Deep Space Separable Distillation for Lightweight Acoustic Scene Classification
ShuQi Ye, Yuan Tian
TL;DR
This paper tackles acoustic scene classification (ASC) with the goal of achieving high accuracy while remaining lightweight for practical deployment. It introduces the Deep Space Separable Distillation Network (DSSDN), built from Deep Space Separable Operators (DSSO) and Deep Space Separable Distilled Blocks (DSSDB), and incorporates a log-Mel frequency-axis cutting strategy to emphasize informative low-frequency features. Three lightweight operators—Separable Convolution (SC), Orthonormal Separable Convolution (OSC), and Separable Partial Convolution (SPC)—drive three DSSDN variants (Large, Middle, Small), which substantially reduce parameters and MACs yet maintain competitive accuracy on the TAU Urban Acoustic Scenes 2020 Mobile dataset. Ablation studies confirm the contributions of both the DSSDB distillation blocks and the DSSO components.
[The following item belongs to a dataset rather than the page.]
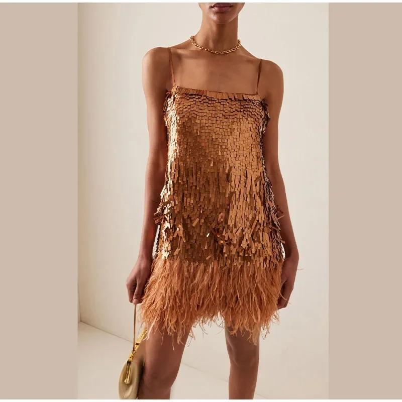 Сексуальное женское вечернее платье с пайетками и перьями, танцевальное клубное платье без рукавов, женское платье-комбинация 2024 года, летнее модное блестящее платье-трапеция на бретелях S жёлтый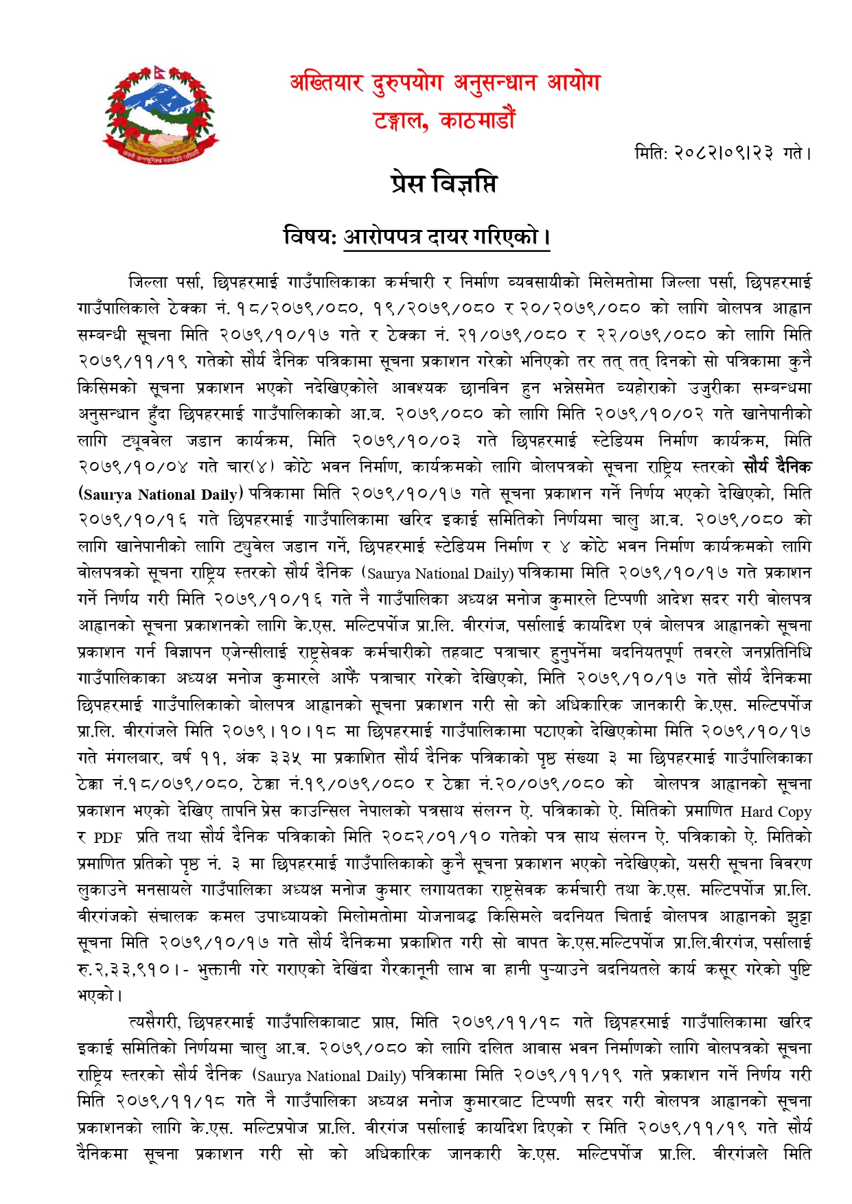 काठमाडौं । पर्साको छिपहरमाई गाउँपालिकामा बोलपत्र (टेन्डर) आह्वानको झुट्टा सूचना खडा गरी भ्रष्टाचार गरेको अभियोगमा अख्तियार दुरुपयोग अनुसन्धान आयोगले गाउँपालिका अध्यक्षसहितका कर्मचारी र व्यवसायीविरुद्ध विशेष अदालतमा मुद्दा दायर गरेको छ ।

Overall, the approach achieves strong ASC performance with sub-1M parameter counts and sub-GMACs, enabling efficient deployment in real-world audio systems, with reported gains around 9.8 percentage points over mainstream baselines.
Abstract
Acoustic scene classification (ASC) is highly important in the real world. Recently, deep learning-based methods have been widely employed for acoustic scene classification. However, these methods are currently not lightweight enough as well as their performance is not satisfactory. To solve these problems, we propose a deep space separable distillation network. Firstly, the network performs high-low frequency decomposition on the log-mel spectrogram, significantly reducing computational complexity while maintaining model performance. Secondly, we specially design three lightweight operators for ASC, including Separable Convolution (SC), Orthonormal Separable Convolution (OSC), and Separable Partial Convolution (SPC). These operators exhibit highly efficient feature extraction capabilities in acoustic scene classification tasks. The experimental results demonstrate that the proposed method achieves a performance gain of 9.8% compared to the currently popular deep learning methods, while also having smaller parameter count and computational complexity.